Los incidentes afectan a diversas partes interesadas (que suelen ser tanto internas como externas) y es preciso que esas partes interesadas estén informadas Los estudios muestran que el 87 % de las partes interesadas de la empresa quiere recibir información actualizada sobre los incidentes (y el 56 % se siente más frustrado por la falta de comunicación que por el propio incidente). Y los clientes, definitivamente, sienten lo mismo.

En un momento en el que se espera que todos los sistemas estén siempre disponibles, tener un plan de comunicación de incidentes sólido es una pieza fundamental del rompecabezas de la optimización.

Haz que llevar un seguimiento de las métricas correctas sea fácil

Cuanto más fácil sea realizar un seguimiento de las métricas de éxito y revisarlas, más probable será que tu equipo se mantenga al día con ellas. Automatiza los informes siempre que sea posible y aclara desde el principio qué métricas son importantes para tu equipo y por qué.
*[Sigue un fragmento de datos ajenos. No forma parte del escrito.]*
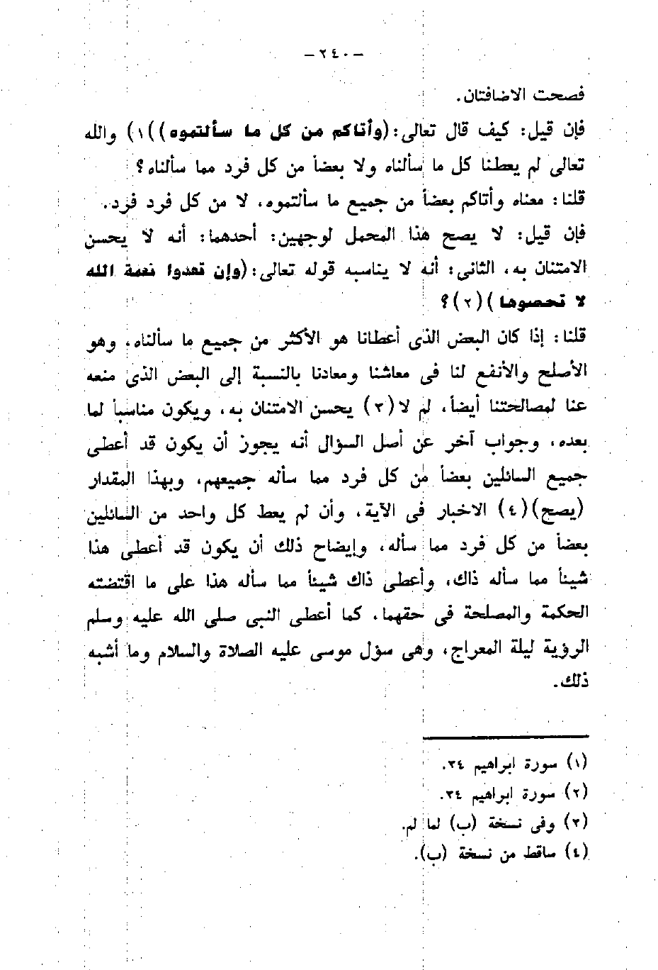 قلنا: إذا كان البعض الذي أعطانا هو الأكثر من جميع ما سألناه وهو الأصلح والأنفع لنا في معاشنا ومعادنا بالنسبة إلى البعض الذي منعه عنا لمصالحتنا أيضا، لم لا يحسن الامتنان به ويكون مناسباً لما بعده، وجواب آخر عن أصل السؤال أنه يجوز أن يكون قد أعطى جميع السائلين بعضاً من كل فرد مما سأله جميعهم وبهذا المقدار يصح الإخبار في الآية، وأن يعط كل واحد من السائلين
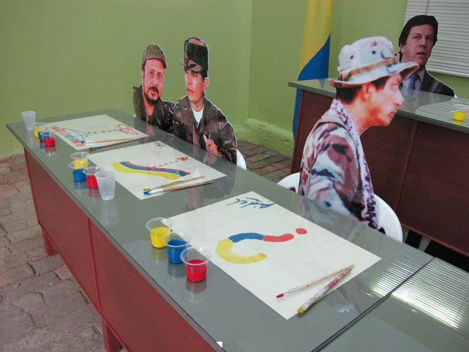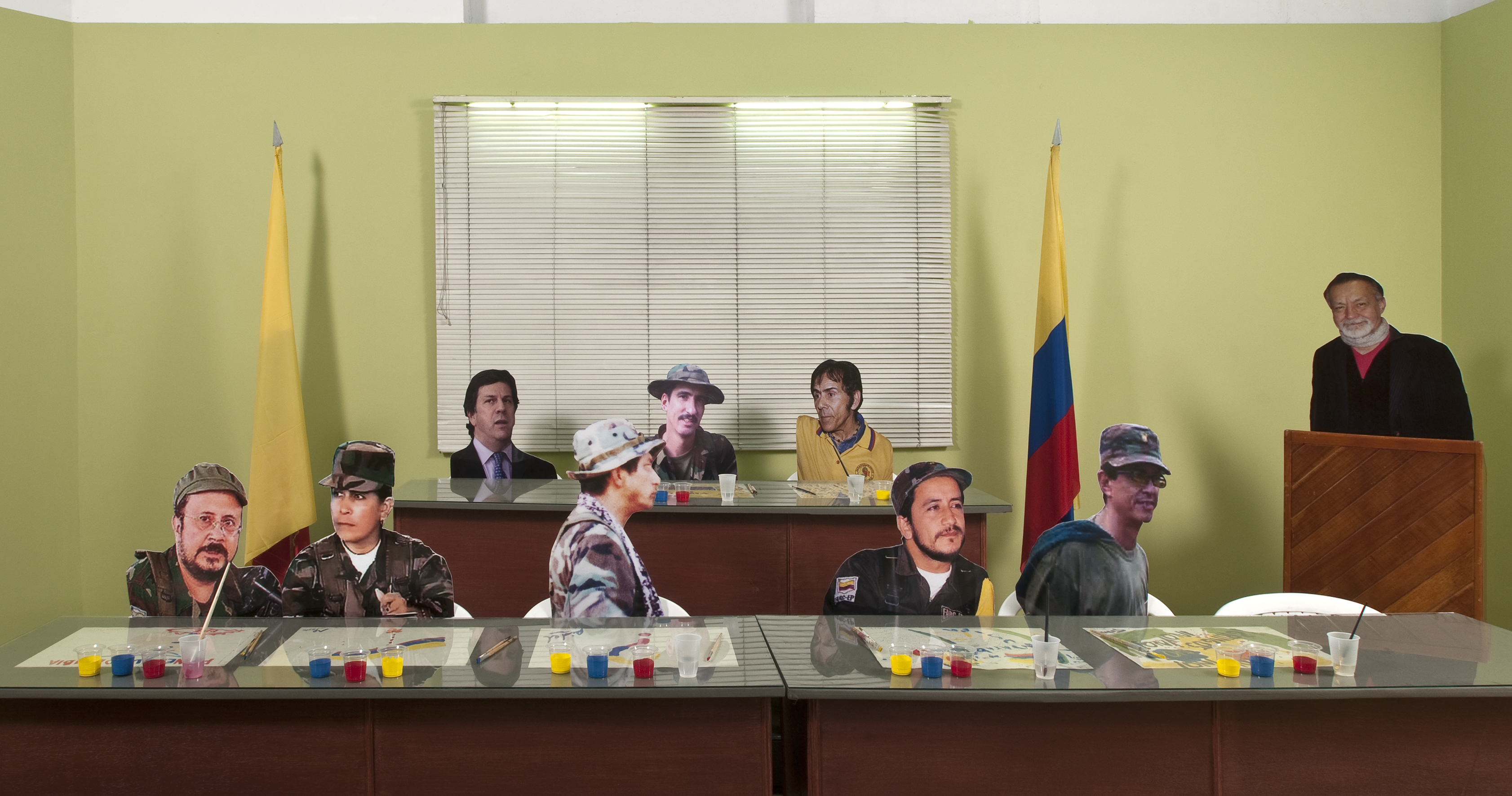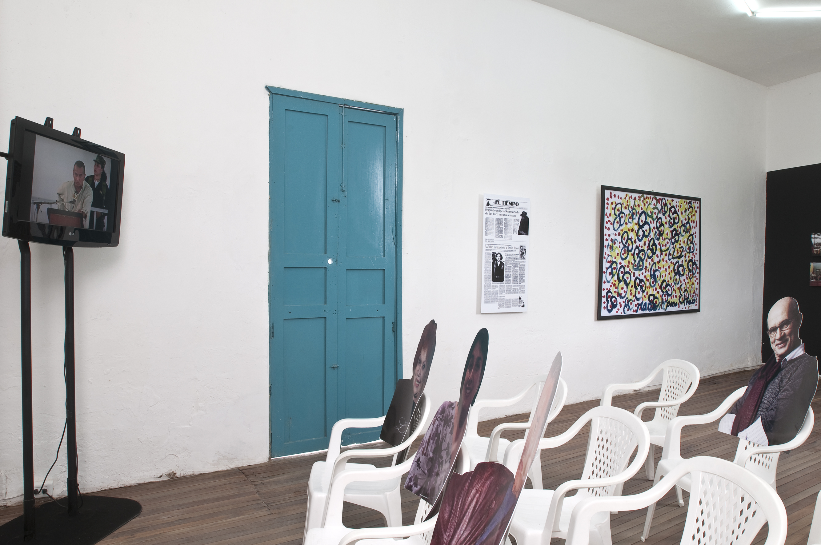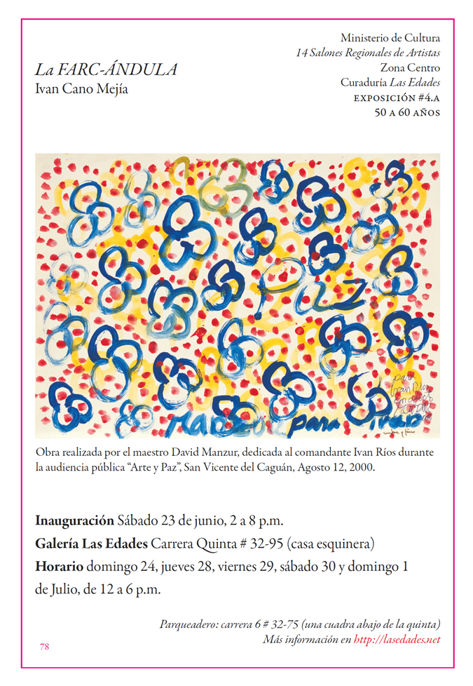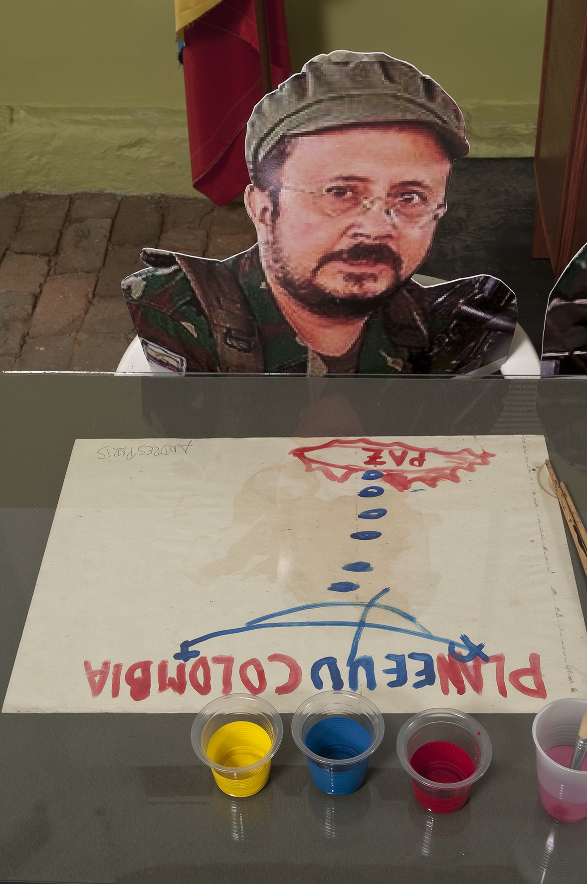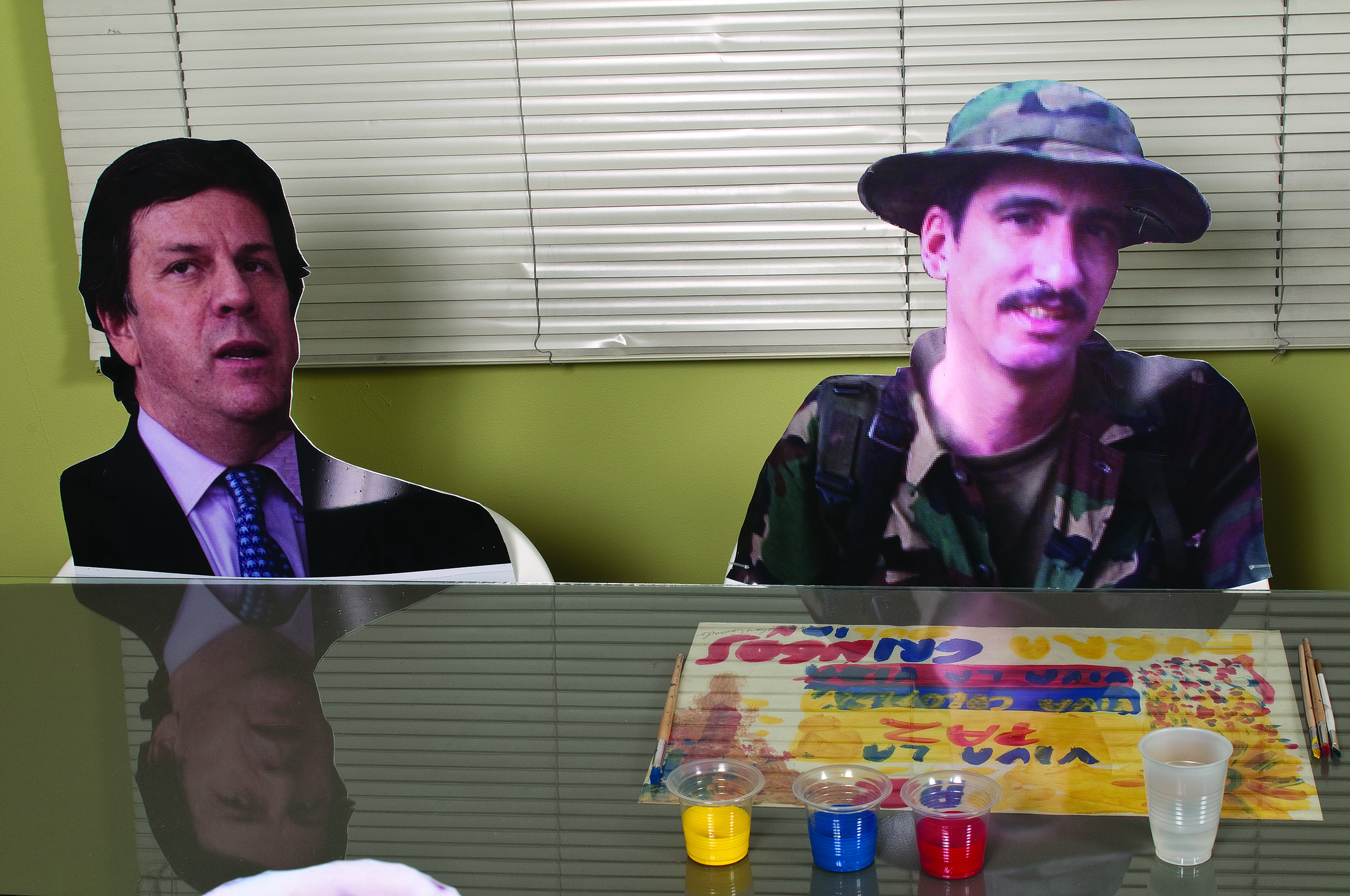 Dos salas donde predominan las sillas de plástico baratas, los colores de la bandera colombiana y la imagen del artista David Manzur (en el plotter de un cartón que pintó, en ocho fotografías, en video). Un proyecto de Iván Cano Mejía, que decidió asistir en agosto de 2000 como representante de una organización de artistas a las mesas de diálogo convocadas durante las negociaciones de San Vicente del Caguán. Llegó, habló con la guerrillera encargada de organizar el capítulo de cultura. Le dijo que había llevado una actividad. Ella lo escuchó y aceptó: cada humano sentado en la mesa principal recibiría 1/4 de papel y vinilos amarillo, azul, rojo. No debían preocuparse por los pinceles; de lo que sí, era de saber qué hacer con lo que les habían dado.

Realiza análisis retrospectivos sin acusaciones

Un incidente no termina simplemente porque la aplicación o la base de datos vuelvan a estar en línea. Para evitar incidentes, reducir el tiempo dedicado a incidentes futuros y comprender mejor cómo tus procesos, equipos y políticas están afectando a tu gestión de incidentes, debes realizar análisis retrospectivos.

En Atlassian, los análisis retrospectivos se realizan sin reproches, lo que significa que se centran en mejorar el rendimiento y en avanzar, no en encontrar culpables.

Elige la tecnología que respalde tus procesos y necesidades

La automatización, la priorización de alertas, la programación de guardias y el seguimiento de KPI son procesos esenciales que, para ser efectivos, necesitan tecnología que los respalde. Si tienes previsto implementar un horario de guardias diurno ininterrumpido, necesitas un sistema que te ayude a hacerlo. Si quieres organizar, desduplicar y priorizar alertas automáticamente, necesitas un sistema que cuente con estas funciones.

Antes de elegir la tecnología, asegúrate de que comprendes tus objetivos, tus procesos y las necesidades de tu equipo, y después prioriza la puesta en práctica de los sistemas adecuados para respaldarlos.